28 As flechas não o afugentam;
as pedras das fundas são como cisco para ele.
29 O bastão lhe parece fiapo de palha;
o brandir da lança o faz rir.
30 O seu ventre é como caco dentado
que deixa rastro na lama como o trilho de debulhar.
31 Ele faz as profundezas se agitarem como caldeirão fervente
e revolve o mar como pote de unguento.
32 Deixa atrás de si um rastro cintilante,
como se fossem os cabelos brancos do abismo.
33 Nada na terra se equipara a ele:
criatura destemida!
34 Com desdém, olha todos os altivos;
reina soberano sobre todos os orgulhosos".

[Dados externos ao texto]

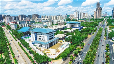 7月8日,航拍海南省图书馆二期项目。目前,该项目已完成外立面装修工程,正有序进行内部精装修和地面园林等施工,争取今年9月底提前竣工。

1 Poderás pescar com anzol o leviatã ou ligarás a sua língua com a corda? 2 Podes pôr uma corda no seu nariz ou com um espinho furarás a sua queixada? 3 Porventura, multiplicará as suas suplicações para contigo? Ou brandamente te falará? 4 Fará ele concertos contigo, ou o tomarás tu por escravo para sempre? 5 Brincarás com ele, como se fora um passarinho, ou o prenderás para tuas meninas? 6 Os teus companheiros farão dele um banquete, ou o repartirão entre os negociantes? 7 Encherás a sua pele de ganchos, ou a sua cabeça de arpéus de pescadores? 8 Põe a tua mão sobre ele, lembra-te da peleja e nunca mais tal intentarás. 9 Eis que a sua esperança falhará; porventura, nenhum à sua vista será derribado? 10 Ninguém há tão atrevido, que a despertá-lo se atreva; quem, pois, é aquele que ousa erguer-se diante de mim? 11 Quem primeiro me deu, para que eu haja de retribuir-lhe? Pois o que está debaixo de todos os céus é meu.
12 Não me calarei a respeito dos seus membros, nem da relação das suas forças, nem da graça da sua compostura. 13 Quem descobriria a superfície da sua veste? Quem entrará entre as suas queixadas dobradas? 14 Quem abriria as portas do seu rosto? Pois em roda dos seus dentes está o terror. 15 As suas fortes escamas são excelentíssimas, cada uma fechada como com selo apertado. 16 Uma à outra se chega tão perto, que nem um assopro passa por entre elas. 17 Umas às outras se ligam; tanto aderem entre si, que não se podem separar. 18 Cada um dos seus espirros faz resplandecer a luz, e os seus olhos são como as pestanas da alva. 19 Da sua boca saem tochas; faíscas de fogo saltam dela. 20 Do seu nariz procede fumaça, como de uma panela fervente, ou de uma grande caldeira. 21 O seu hálito faz acender os carvões; e da sua boca sai chama. 22 No seu pescoço pousa a força; perante ele, até a tristeza salta de prazer. 23 Os músculos da sua carne estão pegados entre si; cada um está firme nele, e nenhum se move. 24 O seu coração é firme como uma pedra e firme como a mó de baixo. 25 Levantando-se ele, tremem os valentes; em razão dos seus abalos, ficam fora de si. 26 Se alguém lhe tocar com a espada, essa não poderá penetrar, nem lança, dardo ou flecha. 27 Ele reputa o ferro palha, e o cobre, pau podre. 28 A seta o não fará fugir; as pedras das fundas se lhe tornam em restolho. 29 As pedras atiradas são para ele como arestas, e ri-se do brandir da lança. 30 Debaixo de si tem conchas pontiagudas; estende-se sobre coisas pontiagudas como na lama. 31 As profundezas faz ferver, como uma panela; torna o mar como quando os unguentos fervem. 32 Após ele alumia o caminho; parece o abismo tornado em brancura de cãs. 33 Na terra, não há coisa que se lhe possa comparar, pois foi feito para estar sem pavor. 34 Todo o alto vê; é rei sobre todos os filhos de animais altivos.